Three ways of using the cloud-native development services– Software as a Service (SaaS), Platform as a Service (PaaS), and Infrastructure as a Service (IaaS) have emerged successful in the past decade. In the on-premise model, organizations usually manage everything from Applications to Networking and this takes a toll on the company’s resources, operations and revenue. Organizations have to maintain the software, infrastructure and platform all under one roof and this takes up space as well. The need to improve the business value has given rise to the idea of sharing management with others. The above-mentioned models are the result of that.  

Among these three, Platform as a Service (PaaS) allows organizations to manage applications and the associated data but entrusts runtime, middleware, O/S, Virtualization, Servers, Storage and Networking services to third parties. PaaS vendors provide software and hardware tools over the internet to develop applications. Outsourcing the management of these services would involve the organizations negotiating with various vendors which would take a lot of time and resources. In this blog, we will discuss trending Cloud PaaS alternatives to popular licensed components. 

Cloud Database

In a world without PaaS database, developers managed the databases of their applications. The Database as a service or DBaaS model has transferred the responsibility of managing the databases to the cloud provider. This model has improved the productivity and increased the agility of organizations. Database services provide a framework for the developers to operate their database. These services simplify complex database operations so that the developers and database administrators can be more productive. 

Azure Cosmos DB: Cosmos DB is a NoSQL database that is fully managed by the cloud provider. This is a good candidate for organizations that wish to develop their applications faster and have high availability, enterprise-level security and scalability. Organizations can scale up the application automatically based on the business needs and match capacity with demand. This service is integrated with key Azure services such as Azure Functions, Azure Kubernetes Service, and IOT Hub etc. which means cloud-native application development is easy.

AWS’s Dynamo DB: Amazon’s DynamoDB is a document and key-value based database that is fully managed so that developers can build innovative internet-scale applications. It is durable with built-in security and backup. With the ability to support 20 million requests per second and high level of scalability, DynamoDB supports the workloads of the world’s fastest growing businesses. Calculating capacity per workload and choosing provisionally or on demand capacity modes will help organizations cut costs. The database service encrypts all the data by default and gives access to all your tables.
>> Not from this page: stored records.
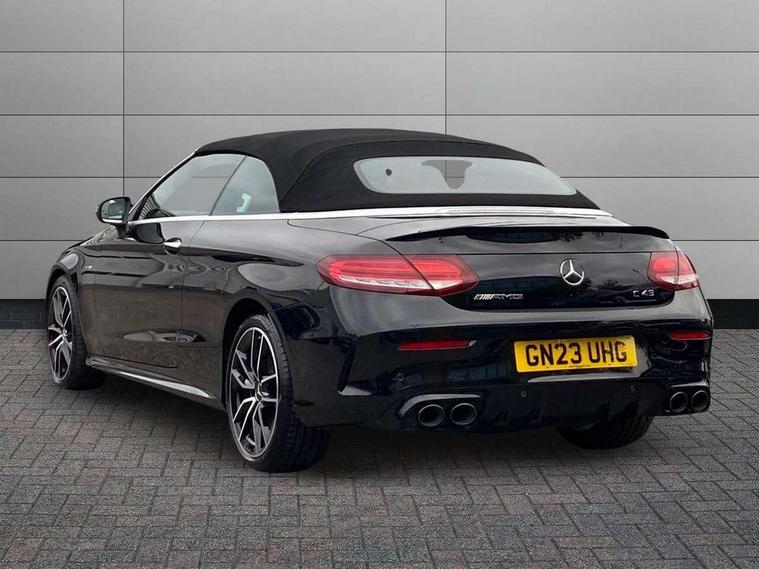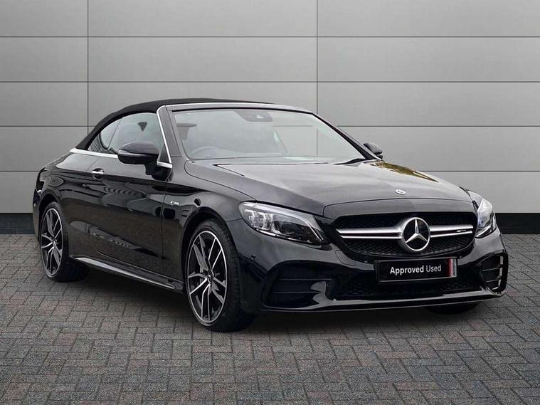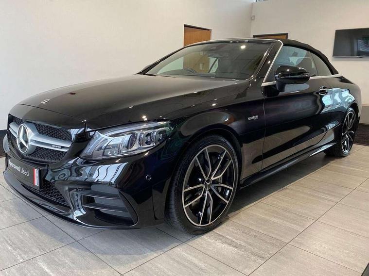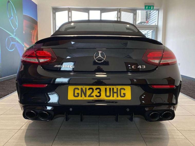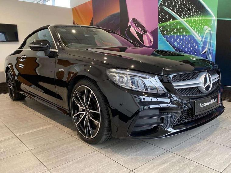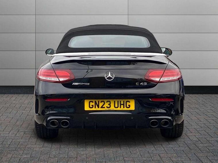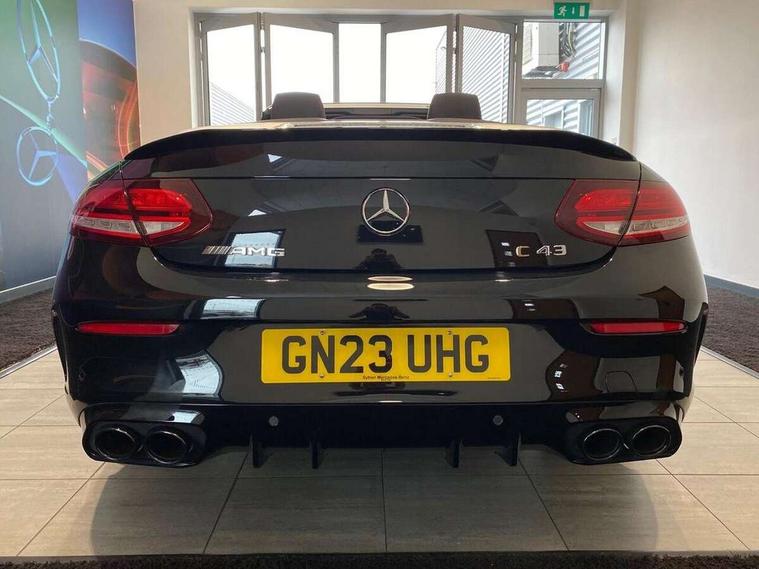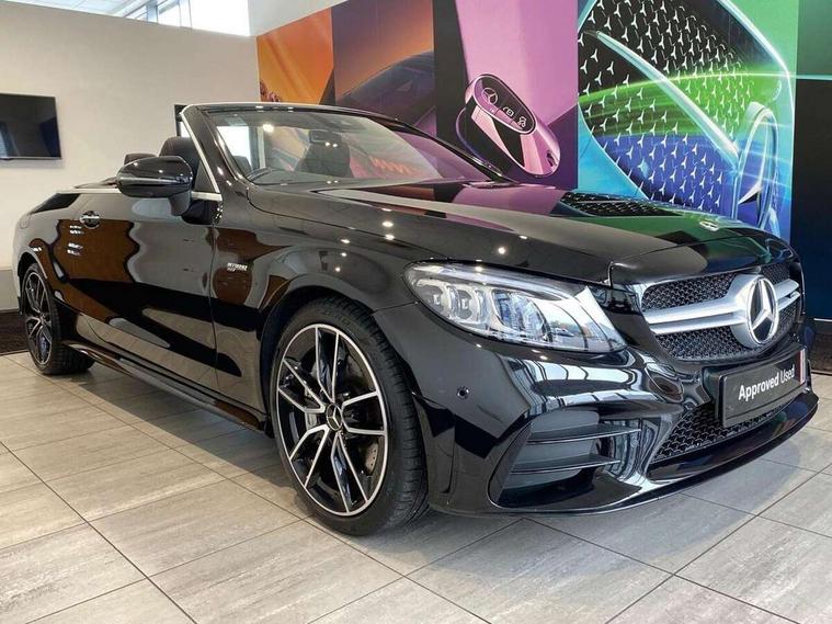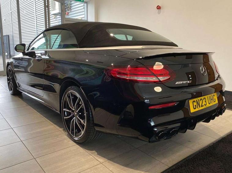 12.3" digital instrument cluster display, 2 stage speed sensitive sport steering, 360 degree camera, Active park assist with parktronic system, AMG boot logo in central screen, Attention assist, Bluetooth interface for hands free telephone, Collision prevention assist plus, Comand Online HDD Nav with media interface, radio/CD/DVD/MP3, 10.25 screen, linguatronic voice control, Cruise control with speedtronic variable speed limiter, DYNAMIC SELECT with a choice of driving modes (ECO, Comfort, Sport, Sport+ and Individual), ECO start/stop function, High resolution 10.25" multimedia colour display, Instrument cluster two tube design round dials and 5.5-inch TFT multi-function display, Mercedes me connect including emergency call system, accident recovery, breakdown and maintenance management, Multi function trip computer, Outside temperature display, Pre-wiring for SD navigation system, Remote boot release, Reversing camera, Service indicator (ASSYST), Status display for rear seat belts in instrument cluster, 66l fuel tank with increased capacity, 9G Tronic plus 9 speed automatic, AMG performance 4MATIC with torque control distribution, AMG Ride Control sports suspension, Petrol Particulate Filter, Burmester surround sound system, DAB digital radio tuner, Frontbass loudspeakers, Two USB ports and one SD Card slot in centre console, Acoustic soft-top with enhanced climate and noise comfort, Adaptive brake lights, AIRCAP wind deflector and draught stop, AMG bodystyling - front apron with distinctive air intakes and AMG rear apron with diffuser look, AMG boot lid spoiler in body colour, AMG design radiator grille with double louvre in matt iridium silver with AMG lettering, Automatic headlights, Body coloured bumpers, Electric windows with one touch opening/closing and obstruction sensors, Exterior mirrors heated and electronically adjustable, Front door sill panels with AMG lettering, Full LED tail lamps, Green tinted glass, LED daytime running lights, LED Indicators, LED third brake light, Multi beam LED headlights, Radio aerial integrated into rear window, Rain sensor windscreen wipers, Rear boot, Semi-automatic boot separator, Side windows surround in polished aluminium, V8 Bi-Turbo 4Matic badge on front wings, 2 cupholders in front centre console, 2 rear head restraints, 2 seat bench in 2nd row, 3 spoke AMG performance flat bottom leather steering wheel in black, heavily embossed central grip area silver chrome and contrast topstitching in red, 40:20:40 split folding rear seats, Airscarf - neck level heating, Auto Mercedes-Benz child seat recognition sensor, Electric height/reach adjustable steering column, Floor mats with black leather edging, red piping and AMG logo, Front centre armrest with storage compartment, Front head restraints, Front LED reading lights, Heated front seats, Illuminated glove compartment stowage, Interior lighting - 64 colour Ambient lighting, Leather upholstery, Single front passenger seat, Sports pedals with stainless steel surfaces and rubber studs, Sports seats with integrated head restraints, Steering wheel gearshift paddles, Steering wheel touch control buttons for audio and onboard settings, Sunvisors with illuminated vanity mirrors, THERMATIC 2 zone automatic climate control, AMG night package - C Class, Interior lighting package - C Class, Memory pack with steering column memory - C Class, Mirror package - C Class, Seat comfort pack - C Class, Stowage space pack - C Class, 2 rear seatbelts, 3 point automatic seatbelts, Active bonnet, Adaptive brake system with hold function and brake drying function, Anti-lock braking system (ABS), Automatic seatbelt pretensioner for driver and front passenger, Brake calipers with AMG lettering + perforated brake discs, Dual stage airbags - driver and front passenger, front sidebags, driver kneebag, pelvis bag and windowbags for driver, front and rear passengers, Electronic parking brake, Electronic Stability Programme (ESP), ISOFIX child seat attachment points with top tether in rear, Red seat belts, Sports braking system with larger brake discs, Tyre pressure monitoring system, Warning triangle and first aid kit, Anti-theft alarm system/interior protection with tow-away protection and interior monitoring systems, Central locking with interior switch, automatic locking and crash sensor with emergency opening function, Chrome surround in electric key, Immobiliser, KEYLESS-GO Entry and Starting Function, AMG carbon fibre/light longitudinal grain aluminium trim, Artico man-made leather dashboard with red contrast stitching, 19" AMG t-twin-spoke light-alloy wheels, aerodynamically optimised, painted in black with a high-sheen finish, TIREFIT with tyre inflation compressor,
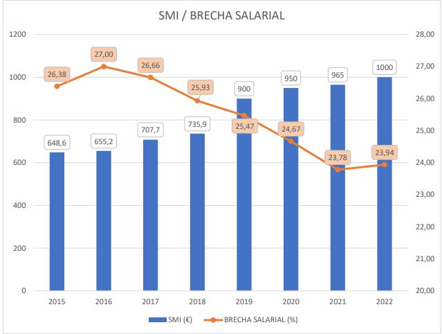 Salario Mínimo Interprofesional (SMI) y evolución de la brecha salarial.
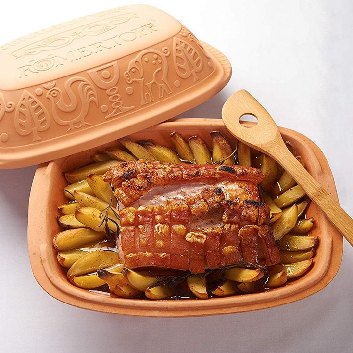 Cooking is more fun with a Romertopf clay baker. This beautiful, rustic roaster is made from high-quality German clay to create healthy, steamed dishes that retain the vitamins and minerals in your food. Use it to bake breads, pastas, stews, and much more. Its natural nonstick bottom allows for easy cleanup and contains no harmful chemicals.
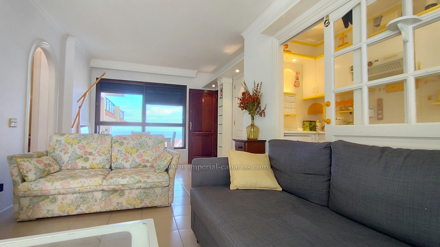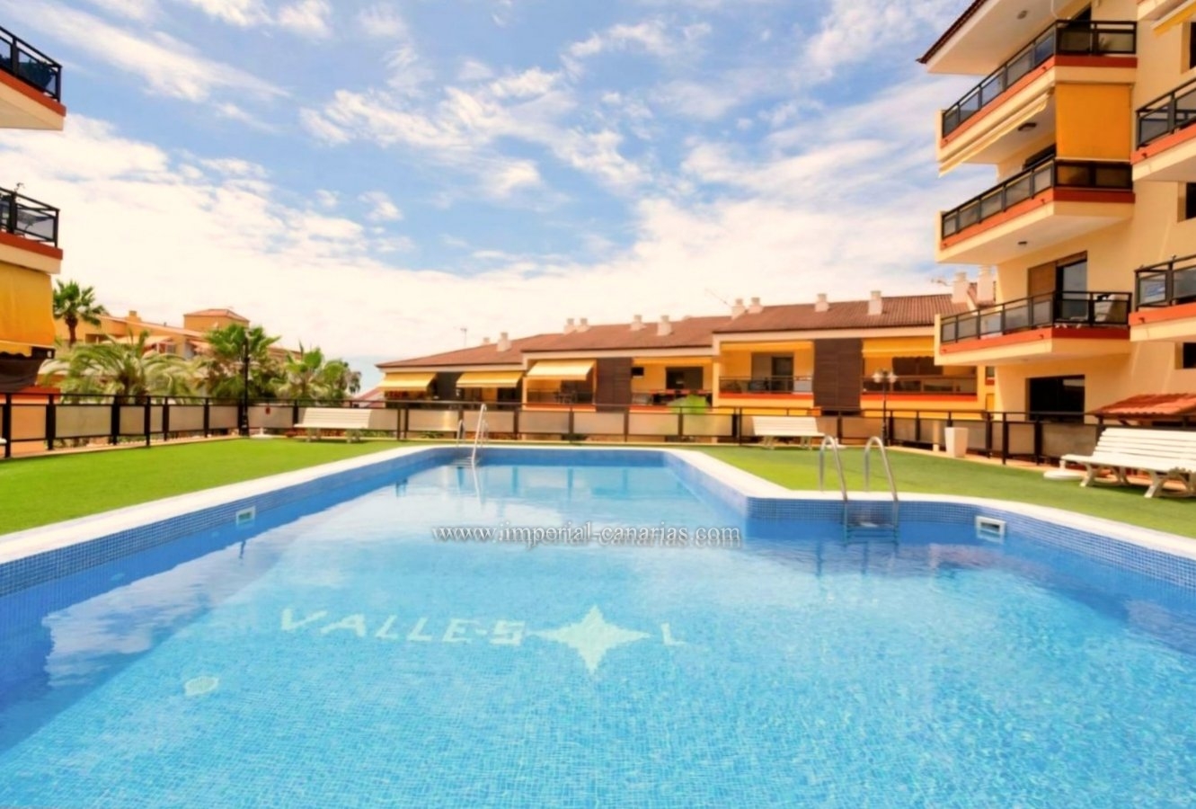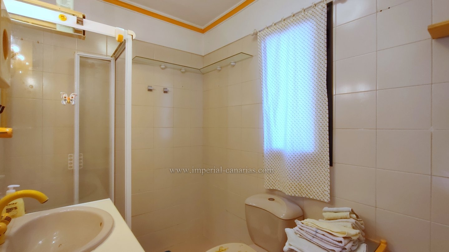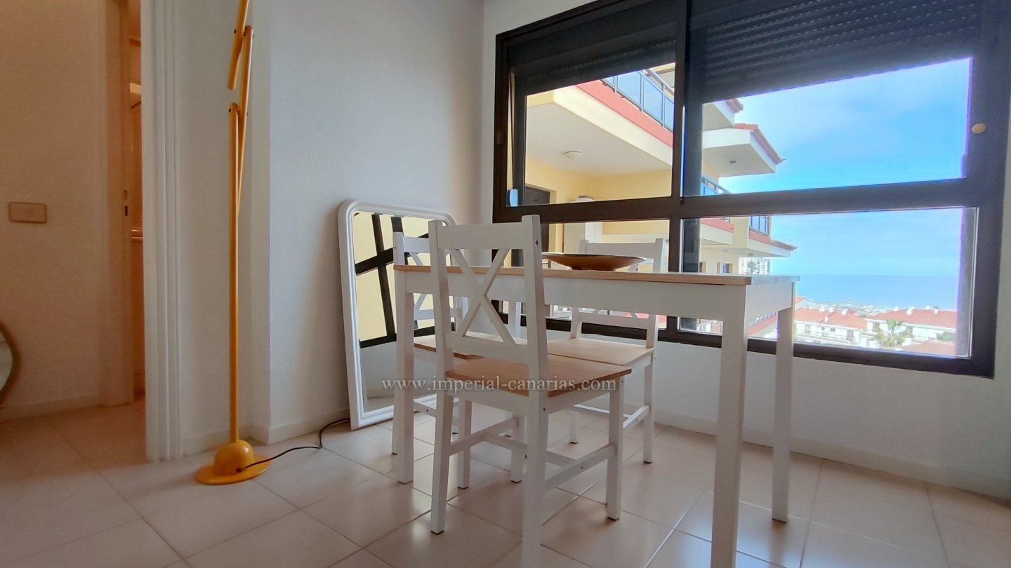 | Se alquila confortable y coqueto apartamento amueblado y de un dormitorio en la zona del Botánico, en Puerto de La Cruz. Se alquila tanto larga temporada como para corta. La vivienda se encuentra en la tercera planta de uno de los bloques del edificio y se puede disfrutar de la refrescante piscina y del jardín comunitario cuidado con esmero. El apartamento dispone de una espaciosa terraza de doce cuadrados, provista de mini-cocina exterior para comer al aire libre, orientada al sur y debido a ello, el apartamento es soleado y luminoso. Habitaciones exteriores todas ellas. Vistas a la ciudad, el Teide, las montañas y también hacia la piscina, los jardines comunes y el mar. Está completamente amueblado, y equipado. Se compone de salón comedor desde el que se accede tanto a a la cocina separada mediante puerta corrediza como hacia la acogedora terraza. Dispone de un espacioso dormitorio matrimonial con armario empotrado. Baño provisto de ducha. Edificio apto para personas con movilidad reducida. Plaza de parking en garaje comunitario en la parte baja del propio edificio e incluido en el precio del alquiler mensual. Gastos de suministro aparte. Coche prescindible debido a la proximidad de los comercios y buena conexión con el transporte público. |

Creating backups of a high amount of data will not compromise the performance and you can always recover without any downtime.

Google’s Spanner: Google’s Cloud Spanner is an SQL database with virtually unlimited horizontal scalability and 99.999% SLA. It is a clustered relational database management system (RDBMS) that uses hardware-assisted time synchronization to achieve data consistency. Its cross-table transaction support enables transactions across multiple tables and which speeds up fetching of data. But Spanner does not have a local development environment and unsupported sequences.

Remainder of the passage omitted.